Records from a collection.
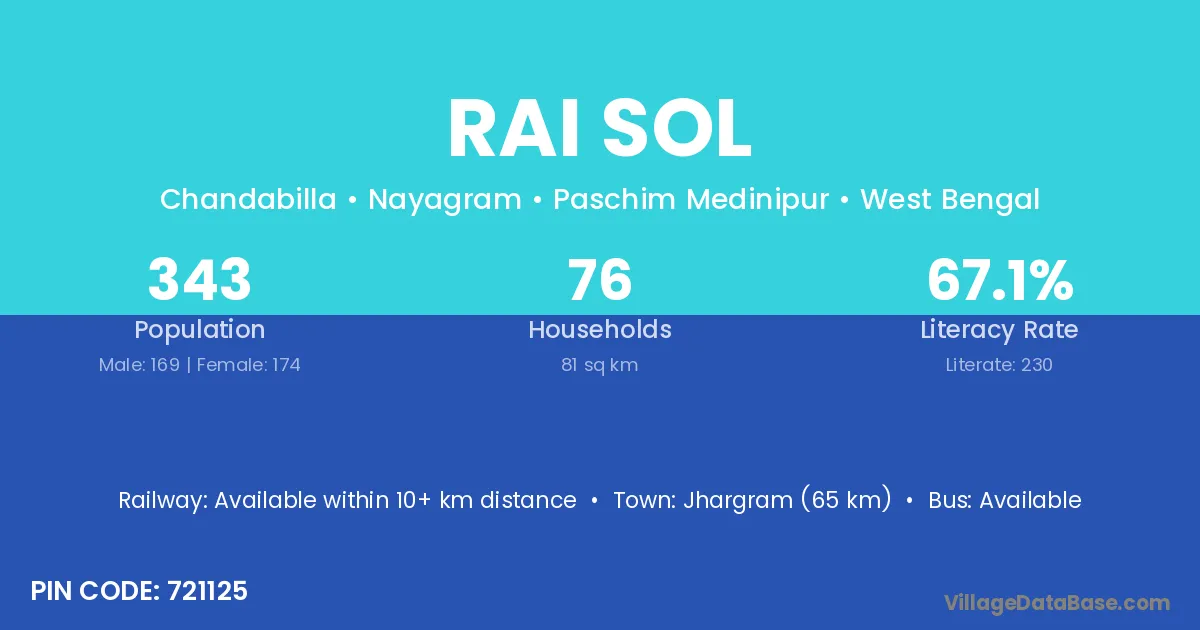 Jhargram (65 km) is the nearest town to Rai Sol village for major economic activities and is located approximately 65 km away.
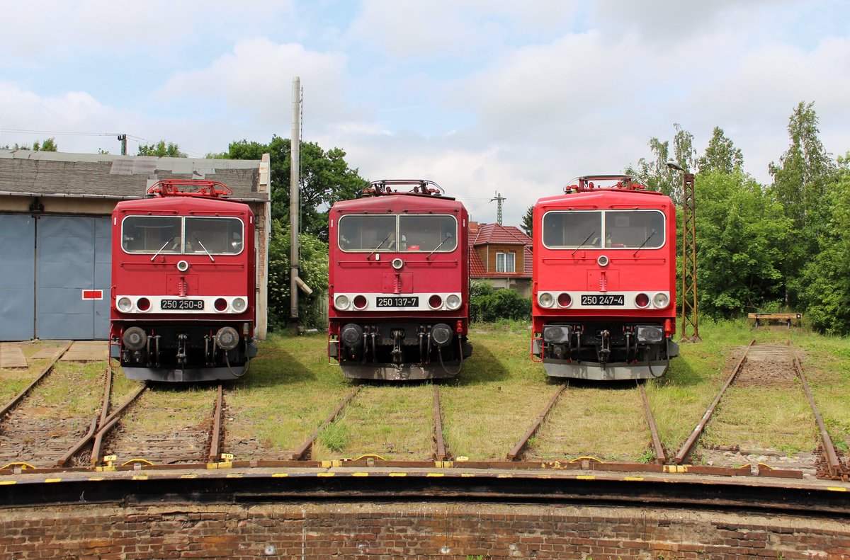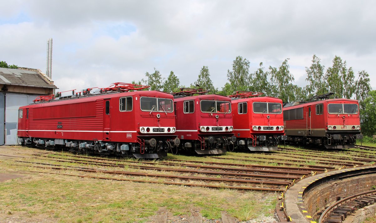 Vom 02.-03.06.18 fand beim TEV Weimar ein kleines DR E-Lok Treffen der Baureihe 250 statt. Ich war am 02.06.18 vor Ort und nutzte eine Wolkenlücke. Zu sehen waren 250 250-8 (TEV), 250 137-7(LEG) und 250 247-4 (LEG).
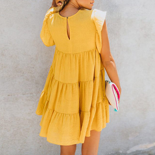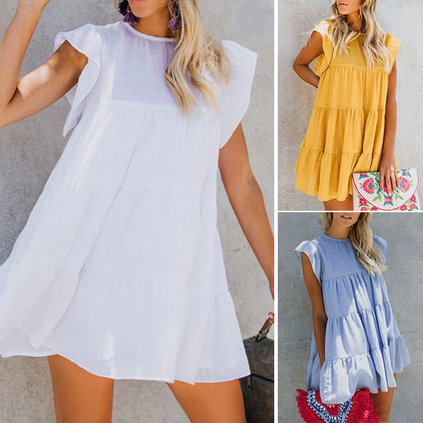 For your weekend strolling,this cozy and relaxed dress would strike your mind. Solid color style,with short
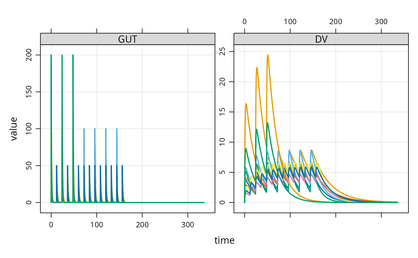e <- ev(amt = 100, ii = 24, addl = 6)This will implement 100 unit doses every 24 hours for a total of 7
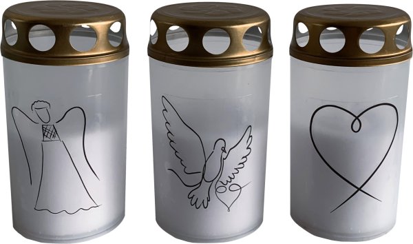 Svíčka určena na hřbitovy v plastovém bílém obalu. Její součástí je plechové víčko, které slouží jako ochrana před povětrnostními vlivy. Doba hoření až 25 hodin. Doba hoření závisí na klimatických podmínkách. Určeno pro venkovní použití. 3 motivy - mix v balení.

REQUIREMENT. Output every record above verbatim, excluding images.

RESPONSE BELOW.
 Jhargram (65 km) is the nearest town to Rai Sol village for major economic activities and is located approximately 65 km away.
 Vom 02.-03.06.18 fand beim TEV Weimar ein kleines DR E-Lok Treffen der Baureihe 250 statt. Ich war am 02.06.18 vor Ort und nutzte eine Wolkenlücke. Zu sehen waren 250 250-8 (TEV), 250 137-7(LEG) und 250 247-4 (LEG).
 For your weekend strolling,this cozy and relaxed dress would strike your mind. Solid color style,with short
e <- ev(amt = 100, ii = 24, addl = 6)This will implement 100 unit doses every 24 hours for a total of 7
 Svíčka určena na hřbitovy v plastovém bílém obalu. Její součástí je plechové víčko, které slouží jako ochrana před povětrnostními vlivy. Doba hoření až 25 hodin. Doba hoření závisí na klimatických podmínkách. Určeno pro venkovní použití. 3 motivy - mix v balení.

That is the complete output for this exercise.